A Roman Philosopher from the First Century AD once said: “Voyage, travel and change of place impart vigor.” It is with this spirit in mind that CMF has been travelling over the past month to California, New York, Florida and Connecticut. On our journey, we visited over forty private equity funds in an attempt to understand changes and developments going on in the world of mergers, acquisitions, and PE. We noted the following developments in the private equity world that you may not be reading about in your WSJ:
- We’ve all read about the “dry powder” that funds have, but funds are also focusing heavily on aggressively getting ready for portfolio dispositions, particularly in the third and fourth quarter. After crossing the recession chasm of 2008 to 2010, the overall macroeconomic and debt markets are conducive to attractive exit multiples, and investment bankers are confirming the level of activity in the “top of their funnel.”

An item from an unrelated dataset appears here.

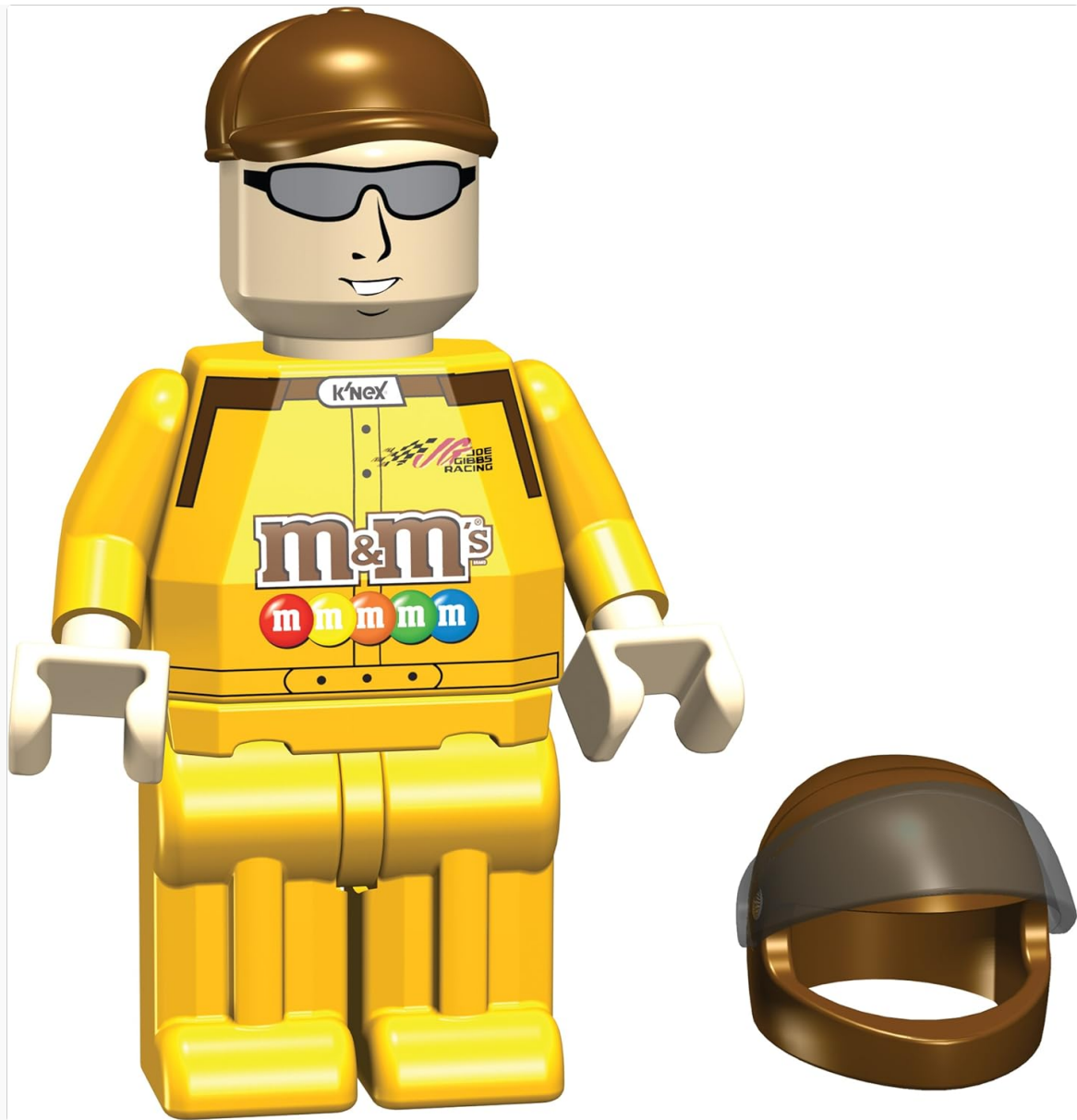
Image: A detailed view of the K'NEXman figure, representing Kyle Busch, wearing his M&M's team uniform and sunglasses, with his helmet placed beside him.

For detailed visual guidance, refer to the full-color step-by-step instructions included in your K'NEX set.

- Speaking of exit multiples, they are back. We recently heard of a deal that is close to closing with debt levels at five times EBITDA.
- PE funds need help at the analyst level within the general partnerships; everyone is busy, the deal market is open, and the funds held off hiring during the recession. A combination of new analyst hires and using consulting resources to assist in the deal processes (buyside, sell-side) should also become more prevalent in the third and fourth quarter.
Our “Private Equity Odyssey” will continue throughout the year as we look to visit funds in most of the NFL cities – look for additional commentary over the coming months from your CMF Touchpoints.